How Well Do Bass See Color ? How Does A Bass Lateral Line Work?
How well do Bass see? Bass are sight feeders, so water clarity and keen eye senses are critical for efficient feeding and normal development.
Interesting data from Chris Horton at Bassmasters explains bass have a large ocular lobe. Big, protruding eyes provide broad peripheral vision. Their only blind spots are directly below and behind. Bass experience excellent night vision by collecting more light than human eyes. Since they’re ambush feeders, nighttime hours are productive foraging periods. Vision is predominantly monocular. To focus on an object, both eyes must see it simultaneously. Bass may detect motion on one side, but to clearly identify the object, they must position themselves so both eyes peer in the same direction.
The most common question biologist receive regards a bass’ ability to distinguish color. Without a doubt, they do! Retinas have cones and rods. Rods help process black, gray, and white. Cones interpret color and bass eyes contain numerous cones. Color is a product of light. Water clarity influences color spectrums. If there’s a strong algae bloom or recent rain created murky conditions, light responds differently. At night, bass rely on rods to see shadows and movements. During new moons, increased ambient light in water dissipates quickly with depth. In these conditions, darker lures have more contrast and are seen better. On bright, moonlit nights, light penetrates deeper increasing recognition of colors.
Bass have great eyesight. If water is exceptionally clear, they can see you in a boat. I’ve had a fishing buddy joke about my bright colored shirt. Couple excellent vision with a radar-likelateral line that senses vibration and you see why bass are the top predator in your pond.
A bass’ lateral line is a row of pores that run along each side from the gills to the tail. These lines are filled with water and nerve endings that are finely tuned to any water displacement (disturbance or changes in water motion). They help determine if vibration comes from prey or a predator, how close it is, how big it is, and which direction it’s moving; depending on how close the movement is to the bass.
Burns Phillips at bassfishingandcatching.com explains the lateral line is tuned naturally to detect subtle low-frequency (1-80 cycles) vibrations created by small prey such as minnows. It’s an ear of sorts that detects vibrations resulting from water displacement. This detection can occur at a significant distance if background noise is at a minimum. Bass associate specific sound wave patterns with specific prey. A bass would not confuse water movement of your cell phone falling from your shirt into the water with that of a school of shad or even a single jumping shad.

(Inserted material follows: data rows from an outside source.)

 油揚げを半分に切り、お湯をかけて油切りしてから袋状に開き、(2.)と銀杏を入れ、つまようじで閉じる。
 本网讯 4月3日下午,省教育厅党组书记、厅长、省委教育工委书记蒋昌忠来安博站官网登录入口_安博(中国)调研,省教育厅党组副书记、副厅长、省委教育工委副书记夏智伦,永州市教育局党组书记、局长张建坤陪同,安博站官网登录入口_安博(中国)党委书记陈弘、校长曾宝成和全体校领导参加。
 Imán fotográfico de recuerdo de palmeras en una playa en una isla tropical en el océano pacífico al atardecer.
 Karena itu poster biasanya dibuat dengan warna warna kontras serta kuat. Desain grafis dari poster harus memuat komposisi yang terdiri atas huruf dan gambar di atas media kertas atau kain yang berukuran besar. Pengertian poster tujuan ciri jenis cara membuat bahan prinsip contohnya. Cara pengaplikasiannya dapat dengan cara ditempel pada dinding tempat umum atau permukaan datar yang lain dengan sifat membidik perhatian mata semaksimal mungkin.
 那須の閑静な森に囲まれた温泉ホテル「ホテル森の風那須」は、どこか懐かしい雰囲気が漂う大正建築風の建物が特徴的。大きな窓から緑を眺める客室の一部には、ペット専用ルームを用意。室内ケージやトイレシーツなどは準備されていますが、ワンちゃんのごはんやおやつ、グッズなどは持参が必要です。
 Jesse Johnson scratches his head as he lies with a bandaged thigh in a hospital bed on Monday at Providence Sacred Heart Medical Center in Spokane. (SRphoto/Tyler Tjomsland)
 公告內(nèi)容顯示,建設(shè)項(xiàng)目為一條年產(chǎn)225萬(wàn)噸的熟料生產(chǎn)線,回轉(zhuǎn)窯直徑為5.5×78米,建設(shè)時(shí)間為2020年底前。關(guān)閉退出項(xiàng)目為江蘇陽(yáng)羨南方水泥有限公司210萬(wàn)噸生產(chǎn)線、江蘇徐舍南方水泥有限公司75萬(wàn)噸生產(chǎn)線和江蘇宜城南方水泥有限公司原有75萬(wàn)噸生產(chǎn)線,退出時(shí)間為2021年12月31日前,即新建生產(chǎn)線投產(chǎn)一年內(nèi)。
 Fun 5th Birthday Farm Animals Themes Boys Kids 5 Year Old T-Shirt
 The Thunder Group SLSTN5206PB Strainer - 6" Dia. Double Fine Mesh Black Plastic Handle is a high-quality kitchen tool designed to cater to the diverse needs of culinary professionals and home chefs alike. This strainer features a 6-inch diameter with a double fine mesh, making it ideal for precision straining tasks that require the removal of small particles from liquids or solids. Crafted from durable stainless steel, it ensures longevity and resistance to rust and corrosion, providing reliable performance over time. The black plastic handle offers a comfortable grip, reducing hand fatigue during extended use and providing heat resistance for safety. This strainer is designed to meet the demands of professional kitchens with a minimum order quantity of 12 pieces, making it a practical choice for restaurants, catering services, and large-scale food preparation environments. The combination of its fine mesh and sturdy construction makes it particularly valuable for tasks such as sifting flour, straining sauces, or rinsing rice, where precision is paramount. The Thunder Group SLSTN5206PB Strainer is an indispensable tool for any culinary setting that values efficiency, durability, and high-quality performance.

Vibration is most important when water conditions limit visibility. After all, a bass is first and foremost a sight feeder. Beyond four or five feet, bass hearing is much more important. However, a vibration occurring five body lengths away may well arouse its attention and move it to investigate the source as a potential meal. From such a short distance, the lateral line is deadly accurate and partly explains why even blind bass are able to feed and survive.
So it can be said that a lateral line, while playing an important role in feeding, is rarely the single determining factor for a bass striking fishing lures or prey beyond an area close to its body. The lateral line aids in detection of water movement, arouses the bass’ attention, helps guide it closer to movement so it can see if the movement is food, and strike.

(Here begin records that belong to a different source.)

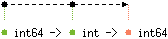 int64of signed 64-bit integers. Unlike the built-ininttype, the typeint64is guaranteed to be exactly 64-bit wide on all platforms. All arithmetic operations overint64are taken modulo 264Performance notice: values of type
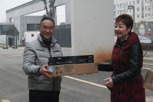 市科协副主席夏小雯代表市科协向崇德中学赠送电脑
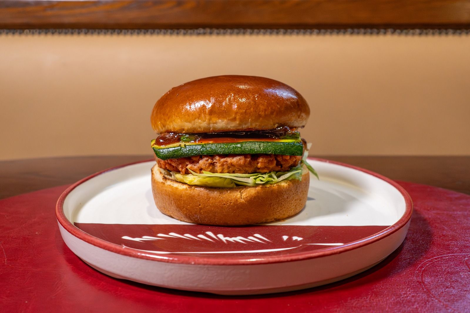 3D 100% plant-based hamburger with roasted pumpkin, fresh lettuce, and smoky BBQ sauce.
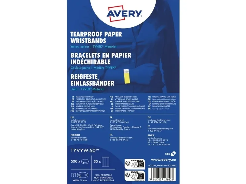 Avery Zweckform TYVYW-50, indtagsbånd, 19 x 256 mm, 5 g/m², 500 armbånd / 50 ark Ekspertens kvalitet: De gule, fortløbende nummererede farvebånd TYVYW-50 i formatet 256 x 19 mm fra Avery Zweckform gør det lettere for dig at organisere arrangementer, møder, seminarer og konferencer. 500 gule indtagsbånd af folie på 50 ark.
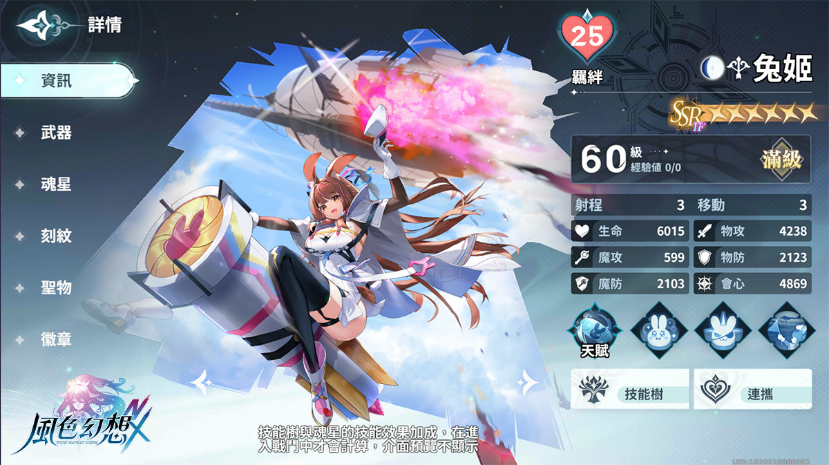 「兔姬」為遠程輸出的射手,透過天賦技能「惡兔重工」獲得專屬資源「D.R.L」,可替代行動點施放六種技能,兼具靈活性與輸出效率。奧義技能「兔子大危機」可補充資源,還能對全場敵人造成毀滅性傷害,展現爆發優勢。
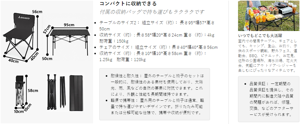 ★【多様なシーンで活躍】 この多機能の屋外折りたたみテーブル&チェアセットは、さまざまなシーンやアクティビティに適しています。ピクニック、キャンプ、釣り、郊外旅行、屋外作業など、さまざまなニーズに対応します。家族や友人と快適で便利な屋外体験を楽しむことができます。 |

The lateral line sensory system is directional. The inner ear is not. Both make it easy for a bass to pick up vibrations from lures like crankbaits. For example, a rattle bait moving toward a bass from 40-50 feet away emits high frequency sound waves from its rattling shot and hooks. The bass’ inner ear receives these sound waves, but is unable to determine the exact direction of travel. Lower frequency vibrations from the lure wobble. Pressure wavesare felt (heard) by its lateral line, thereby providing the bass a source of direction.

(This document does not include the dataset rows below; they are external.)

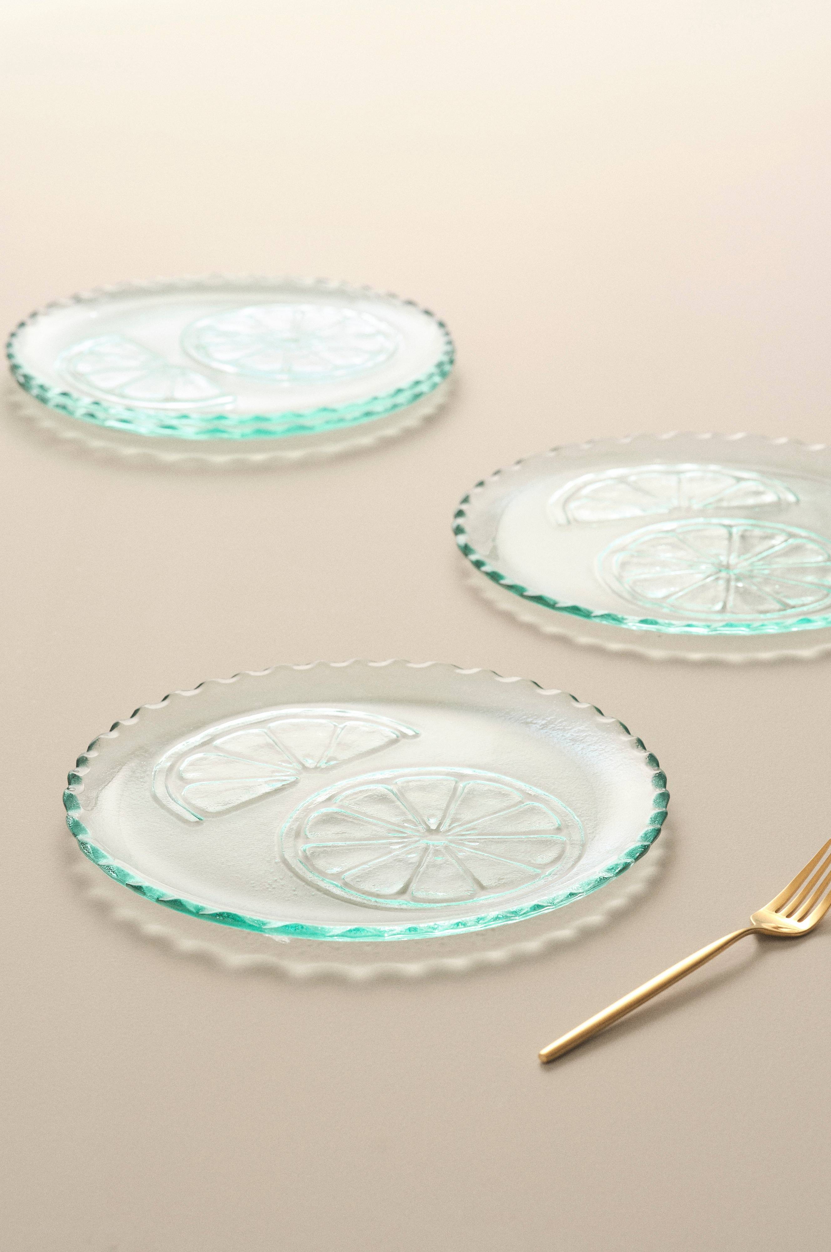 4-pak tallerkener af glas med sød tungekant rundt om og motiv af citrusfrugt i glas. De charmerende tallerkener gør hvert måltid til en fest og de er desuden velegnet som anretningsfad.
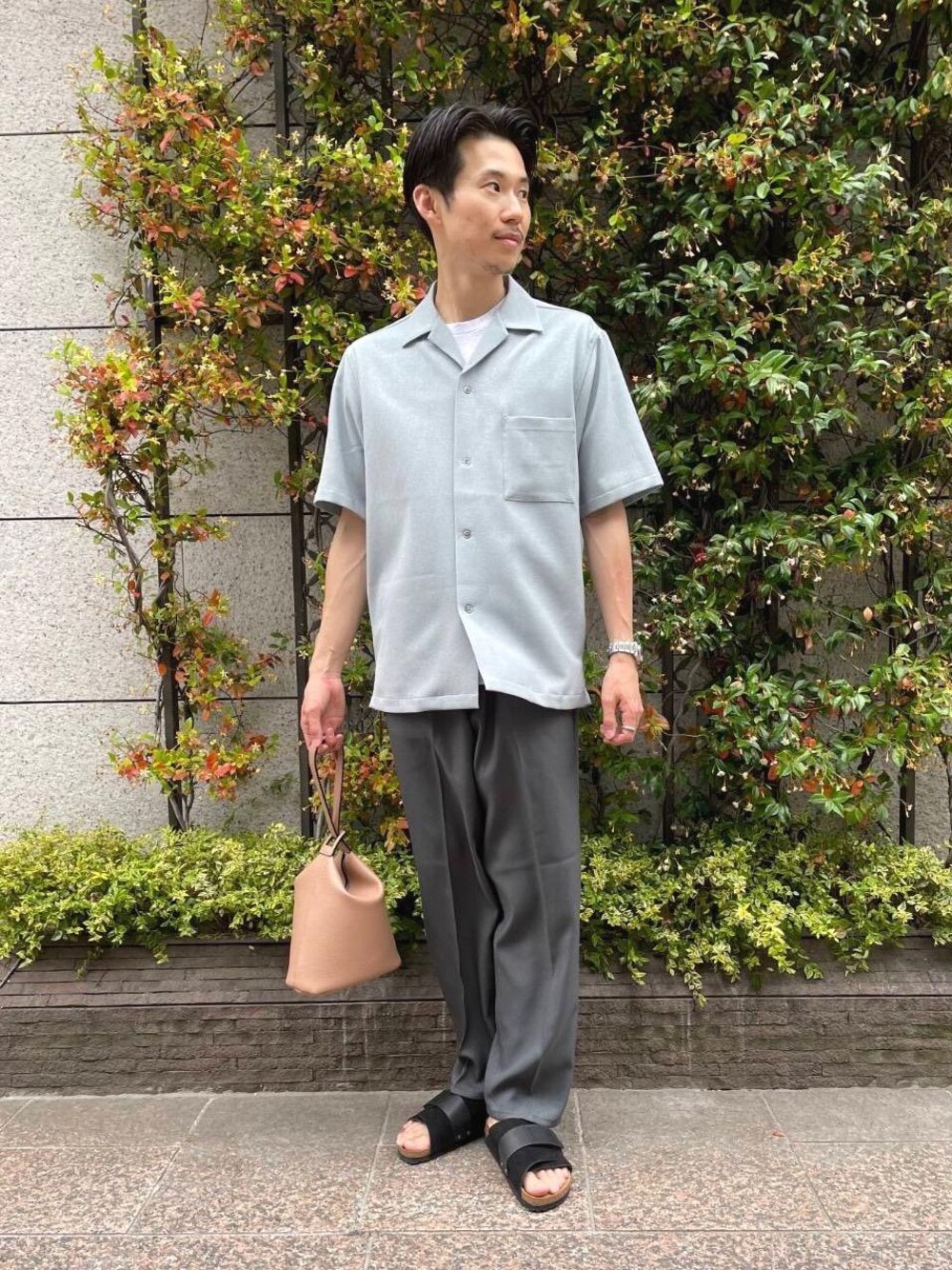 身長:175cm 普段サイズ:トップスL,パンツM,シューズ26.5 【サイズ感】 オープンカラーシャツ:ややゆったりめ ボトムス:ややゆったりめ サンダル:スニーカーに比べやや大きめ 【オープンカラーシャツの素材感】 ポリエステル100% 麻のようなシャリっとした素材。 やや光沢あり。 【オープンカラーシャツの着心地】 ドライタッチな素材で肌馴染みも良く、軽さがあり、夏場も快適に着用できます。 【コーディネートのポイント】 グリーンのトーンでまとめ、これからの季節に向けた爽やかなスタイリングにしました。カジュアルになりすぎないように、レザーサンダルやバッグをプラスして、上品さが出るように意識しました。
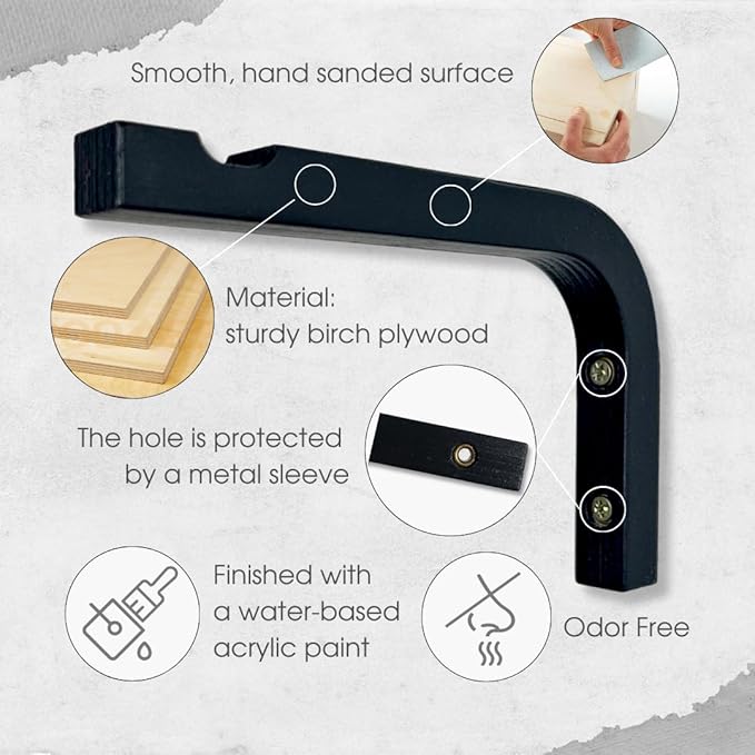 2-Piece Set of Plant Hooks for Wall 6 inch - Mounted Wooden Plant Hook - Indoor and Outdoor Bracket Plant Hanger for Planters, Lanterns, Bird Feeders, Patio Decorations (Black)

Even quiet water movement, like that emitted by soft plastic baits bumping rocks or stumps, can ping the lateral line and alert bass to the possibility of a meal. Such soft lures probably more closely resemble sounds and vibrations made by natural prey than crankbaits or other hard plastic lures. In both cases, the bass will be aware something is out there, but may not consider it significant. As vibrating or quiet lures come closer, vibration and sound reach a transition stage where both are strongly received. The fish then combines its sight, hearing, and lateral line to determine location, direction, and identity of the lure.